Carne, 29, worked to maintain the equipment at a Google site in South Carolina. Google fills many of these roles with contract firms such as Modis, a unit of Adecco Group AG.
In her second week on the job, Carne said she attended a regular meeting where managers discussed upcoming schedules. Employees who took holiday shifts were entitled to double pay, she was told, but only if they had worked there for at least six months beforehand. Carne, who was not aware of this policy, spoke up about it. “I basically said, ‘That’s bulls—,’” she recalled.
Later that evening, she received an email from a Modis manager that called her behavior in the meeting “unacceptable and ‘ungoogley,’” according to a copy of the message viewed by Bloomberg News. She was fired.
Carne promptly connected with Alphabet Workers Union, a labor advocacy group. In March, Google settled a different labor complaint from AWU involving the same South Carolina facility and agreed not to silence workers discussing pay. The fired Modis staffer from that case, Shannon Wait, was reinstated.

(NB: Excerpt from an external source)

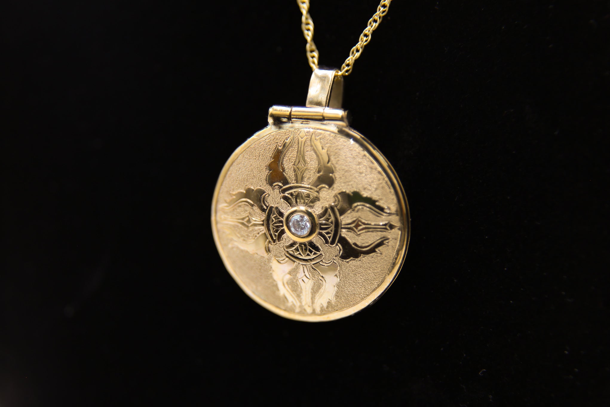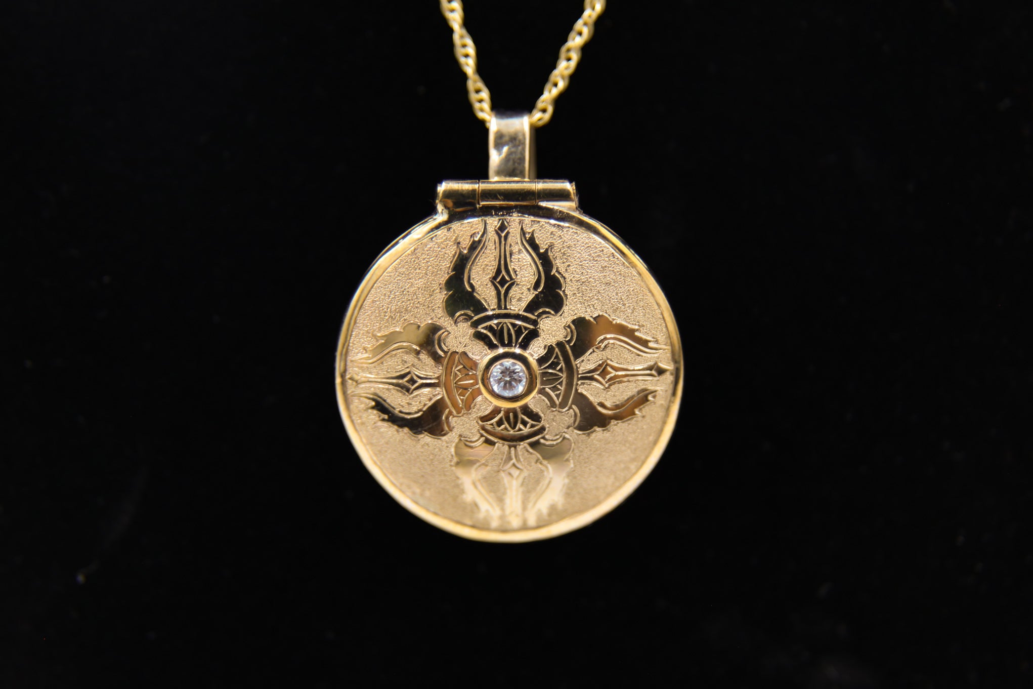Double Vajra Locket - 9K Gold w/diamond

In the new complaint from AWU, the labor group said Carne was exercising legally protected speech during the November meeting.

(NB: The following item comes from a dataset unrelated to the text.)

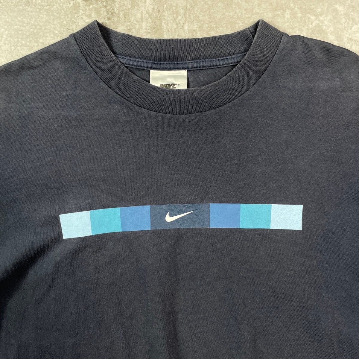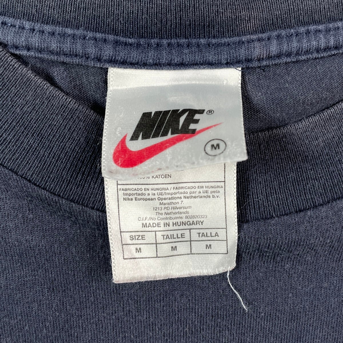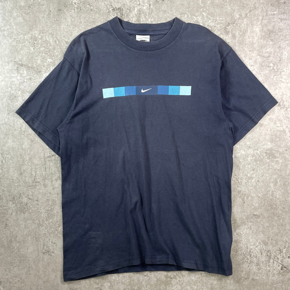 ■90年代 NIKE ナイキ スウォッシュロゴ プリント Tシャツ メンズM 古着 90s ヴィンテージ VINTAGE 紺色【Tシャツ】/ネイビー

Representatives from Modis and Google didn’t immediately respond to requests for comment.
AWU, an affiliate of the Communications Workers of America, has focused on the technology giant’s sprawling contract workforce. Those workers typically earn far less and have fewer benefits than direct Google staff. Carne said she was paid $16.50 an hour in the Modis role, along with a $200 bonus given during the pandemic, when data center employees were asked to come in regularly.
People like Carne are effectively Google’s essential workers, argued Rachael Sawyer, an AWU steward. “If anything were to happen to the data center, Google could not function at all,” she said.

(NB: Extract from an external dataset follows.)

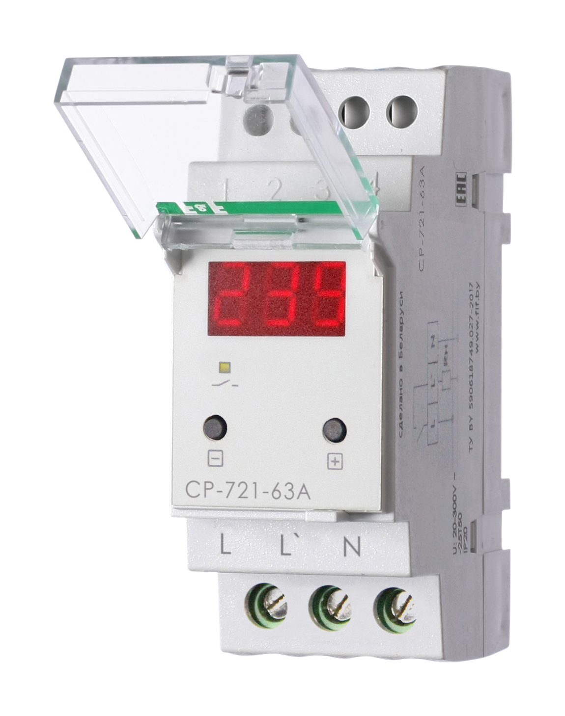 Реле контроля напряжения CP-721-63A (CP-721-1) предназначено для защиты электроустановок, электроприборов и прочего электронного оборудования от повышенного или пониженного напряжения, обрыва нулевого провода, регистрации предельных значений напряжения, а также типа произошедшей аварии, контроля величины напряжения в питающей однофазной сети переменного тока. Защита осуществляется путем отключения нагрузки от сети питания.

In recent weeks, AWU got involved after the staffing agency threatened to pull bonuses for data center workers that met attendance requirements. Modis ended up keeping the payments.
“I just want my job back,” said Carne, who had recently moved from Michigan to take the role. “It felt like the winds were taken out of my sails.”
In 2020, the NLRB’s Republican majority at the time used a case involving General Motors Co. to establish a new precedent making it easier for companies to punish employees who say or do offensive things while they’re exercising their legal rights to protest working conditions. But the labor board’s Biden-appointed general counsel, Jennifer Abruzzo, has signaled she wants to pursue cases challenging that Trump-era precedent, and the Democrats — who now have a majority on the NLRB — could use a case like Carne’s to overturn it.
Google is facing an additional NLRB case on behalf of activist employees the company fired. On Tuesday, a judge ordered that Google had to turn over documents about efforts to squelch unionization efforts.
(Updates with requests for comment from Modis and Google in eighth paragraph.)